Hospitals and insurers’ impasse leaves patients on the hook for bills

60 hospitals have agreed to our rates, in talks with others, says an insurance service provider.

Written by Anuradha Mascarenhas | Pune | Published: June 26, 2017 1:12:26 am
Pune Hospitals and insurers’ impasse, Pune hospitals cashless treatment, Pune Private hospitals, Pune News, Indian Express News The hospitals’ contract with public sector insurance companies had expired on March 31 and has not been renewed.

Caught in the standoff between insurance companies and private hospitals over ‘low’ treatment rates, patients have been denied cashless treatment since April this year. Talking about the problems they face due to lack of ready cash, patients have urgently sought a third-party mediation. The hospitals’ contract with public sector insurance companies had expired on March 31 and has not been renewed.

The hospitals have urged the companies to revise the rates offered. Since then, patients are being forced to pay cash and claim the reimbursement later. Nirmala Savadekar, photographer and painter who is suffering from a chronic kidney disease and requires dialysis thrice a week, has to pay Rs 3,500 per session. “I need 13 sessions in a month, a monthly sanction for which was being provided by health service facilitator Raksha TPA. However, due to the stand off, now I have to pay the amount per session. At times, I do not have ready cash available. It is really tiresome. There is need for a speedy solution. If private hospitals and public insurance companies cannot resolve the issue, a third-party should intervene and decide the matter,” he said.

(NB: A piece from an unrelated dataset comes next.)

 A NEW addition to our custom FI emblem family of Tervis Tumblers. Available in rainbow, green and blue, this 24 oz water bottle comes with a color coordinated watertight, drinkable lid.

Mitesh Pawar, a businessman whose wife was admitted to Ruby Hall Clinic two weeks ago, too faced a tough time when the hospital asked him to pay for treatment in cash. “I had to take out money using my credit card. The hospital did offer another solution, where a start-up firm was offering a zero per cent interest-free loan. I did avail the loan but it is frustrating. I have a mediclaim policies with two general public insurance companies but I cannot avail the benefit of a cashless transaction,” he said.

Dr Sonia Basu, founder of Health Fin — a start-up that facilitates loans for patients, said they have tied up with several hospitals, including Ruby Hall Clinic, Jehangir and Poona Hospital, and have set up helpdesks for such patients. “So many patients have approached us and feel helpless as they cannot immediately pay the amount required by the hospital. We have tied up with a non-banking financial company to facilitate the loan,” Basu said. So far, we have processed as many as 35 applications from patients, she added. Sarad Powar, who works with a city-based firm, had to shift his father from Sahyadri Hospital in Hadapsar to Ruby Hall Clinic, for an angioplasty. Pointing out that it was not fair to avail another loan, when he already has a mediclaim policy with a public insurance company, Powar said, “I have no choice. I have taken a personal loan and do not have ready money. I will raise the amount through friends and relatives.”

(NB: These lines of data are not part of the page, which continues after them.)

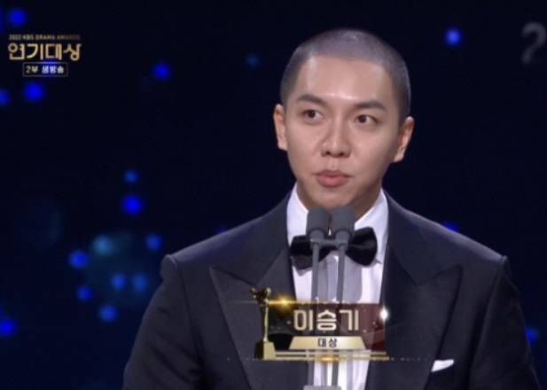 2022 KBS 연기대상' 최근 소속사와 법적 다툼 중인 이승기가 삭발 슈트 차림으로 등장했다. 이와 관련 이승기는 "심경의 변화가 아니"라면서 이승기 삭발 이유를 직접 밝혔다.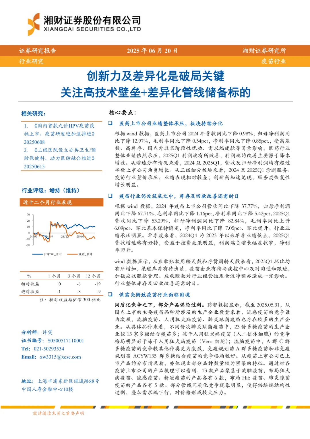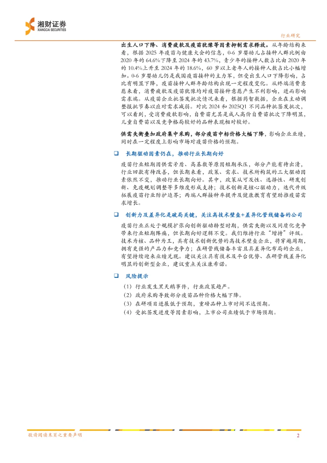 下载报告:疫苗行业:创新力及差异化是破局关键,关注高技术壁垒+差异化管线储备标的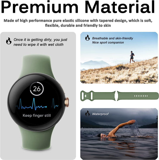 Miimall Compatible for Google Pixel Watch Band Silicone, Flexible Quick Fit Strap for Women Men, Breathable Lightweight Replacement Band Strap for Google Pixel Watch(Deep Green)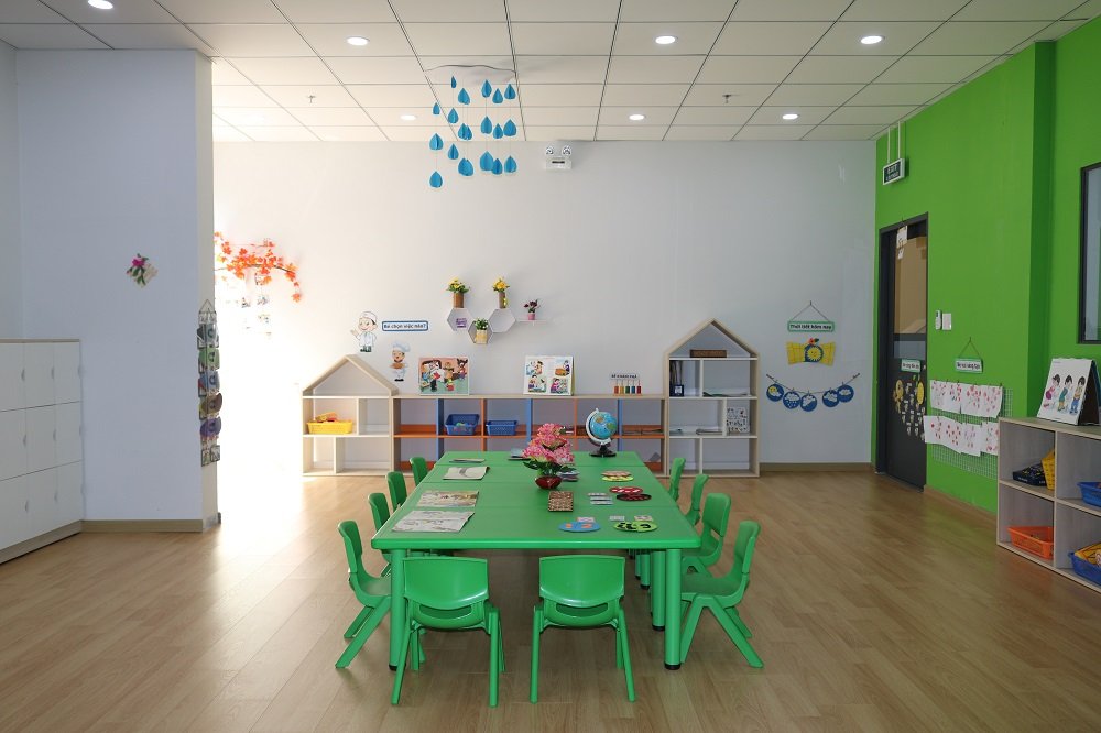 - Phòng Anh văn; Trẻ được học với giáo viên nước ngoài với các môn học như STEM, ngữ âm, từ vựng, ... với các học cụ thiết kế riêng phục vụ cho từng tiết học giúp trẻ tiếp thu nhanh và hiệu quả hơn.

Bomi Bhote, chief executive officer of Ruby Hall Clinic and president of Association of Hospitals in Pune, said they had urged the companies to revise the rates offered by them and had reiterated that it was not feasible to provide treatment at low rates for 141 procedures. For instance, the rate offered for an Anterior Cruciate Ligament tear (shoulder decompression) is Rs 68,000, whereas in Bengaluru insurance companies have offered Rs 90,500 for the same procedure. Why this disparity? asked Bhote. According to Vijay Khirdikar, officiating regional in-charge at The New India Assurance Company Limited, “We already have 60 empaneled hospitals, and some others have agreed to our rates too. This is a period of transition and there are bound to be some issues. However, reimbursement of the medical claim is done within three days of the sanction. Still, we are working on a solution with other hospitals,” he said.

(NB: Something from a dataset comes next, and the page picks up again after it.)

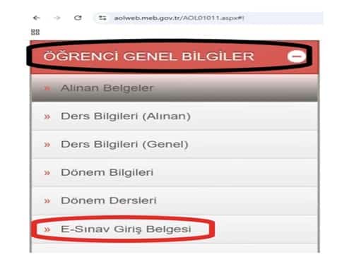 e-Sınav için 27 Mayıs – 11 Haziran 2025 tarihleri arasında randevu alan öğrenciler, https://aolweb.meb.gov.tr/ogrenci_giris.aspx resmî internet adresinden öğrenci/T.C. Kimlik Numarası ile veya aynı ekrandaki e-devlet giriş ekranından şifrelerini kullanarak sisteme giriş yaptıktan sonra “Öğrenci Genel Bilgileri” sekmesi altında bulunan “e-Sınav Giriş Belgesi” ekranından “Sınav Bilgilerini Yazdır” butonundan fotoğraflı e-Sınav giriş belgelerini 23 Haziran 2025 tarihinden sınav tarihine kadar alabilecektir.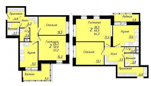 Двушки, имеющие, по сути, одно планировочное решение, ограничены 65 квадратами:

Meanwhile, some small hospital owners, on the condition of anonymity, claimed that insurance companies were dictating the terms, while it was made to look like hospitals were refusing patients. “Many small hospitals are losing patients because of this silent clash with public sector insurance companies,” said an orthopaedic surgeon with a 50-bedded hospital in the city. The public sector insurers, including National Insurance Company Limited, New India Assurance Company Limited, Oriental Insurance Company Limited and United India Insurance Company Limited, have negotiated special package rates from many hospitals across the country. Cashless facility for these procedures is provided only in the GIPSA (General Insurers Public Sector Association of India) network hospitals.